Arimochi et al. (1997) studied the effect of numbers of intestinal bacteria on AC formation with AOM as the administered carcinogen. They presented very different conclusions than those of other investigators about the genera of bacteria that decrease AC formation. Bifidobacteria had no effect, whereas both L. acidophilus and C. perfringens decreased AC formation significantly. The culture supernatants were found to mediate the effect, suggesting a metabolite product (they suggested butyrate produced by C. perfringens). The drinks containing bacterial cultures were prepared freshly each day, but there is no indication of how much the rats drank of each solution, even though similar numbers of each bacteria were added to the drinks. It is possible that bacteria exhibited differential survival in the bottles before actual consumption. The authors did not find that ß-glucuronidase activity was affected by L. acidophilus, even though AC were decreased by L. acidophilus. C. perfringens treatment also did not increase ß-glucuronidase activity, as would be expected if this enzyme and C. perfringens were positively correlated with AC development; in fact, C. perfringens was correlated with decreased AC development.

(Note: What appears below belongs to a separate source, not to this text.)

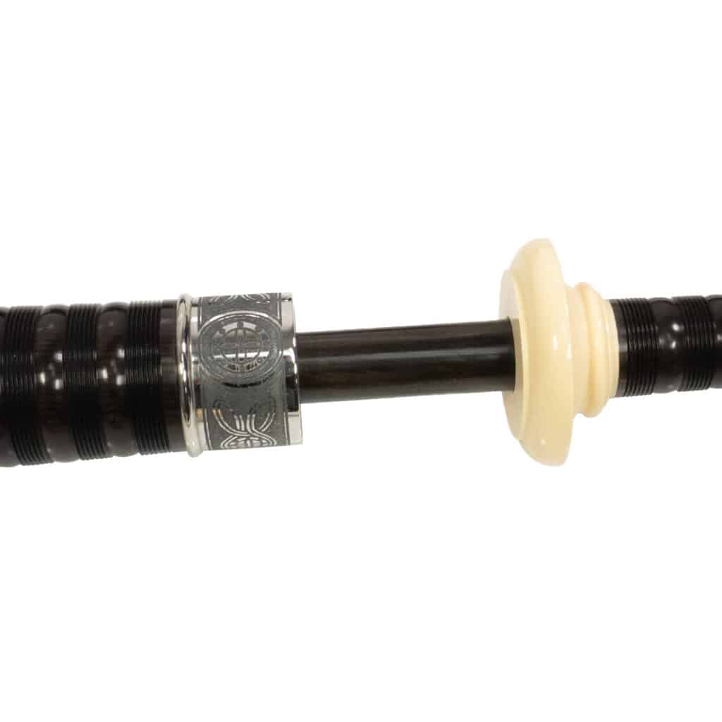Working with RG Hardie, we designed the LE set to deliver style, sound, and maximum value. Engraved nickel ferrules accent imitation ivory projecting mounts and ring caps. The laser-engraved metalwork has an antiqued look. The Blackwood blowpipe and blowpipe stock are lined to prevent moisture damage. Each instrument has a unique serial number on the bass stock. Peter Henderson bagpipes are rooted in tradition that ties back to the original Peter Henderson Ltd, established in the 19th century. They are also played by top soloists and in Field Marshal Montgomery Pipe Band. Made in Scotland.

Onoue et al. (1997) studied the effects of inoculating germ-free rats with various combinations of microbiota. Germ-free rats were given Escherichia coli, Enterococcus faecium, and several strains of Bacteriodes and Clostridium sp. (gnotobiotic) or feces from conventional rats. They were then given DMH injections 3 and 4 wk later and then killed 11 or 34 wk after that. Addition of bacteria to germ-free rats increased both the ACF with four or more AC and the mean number of AC per focus. When Bifidobacterium breve was added to the defined inoculation (gnotobiotic) noted above, ACF with four or more AC per focus and crypt multiplicity were significantly lower at 11 wk, but not at 34 wk. B. breve addition did not affect the fecal microflora, again making it difficult to attribute the differences to changes in numbers of flora.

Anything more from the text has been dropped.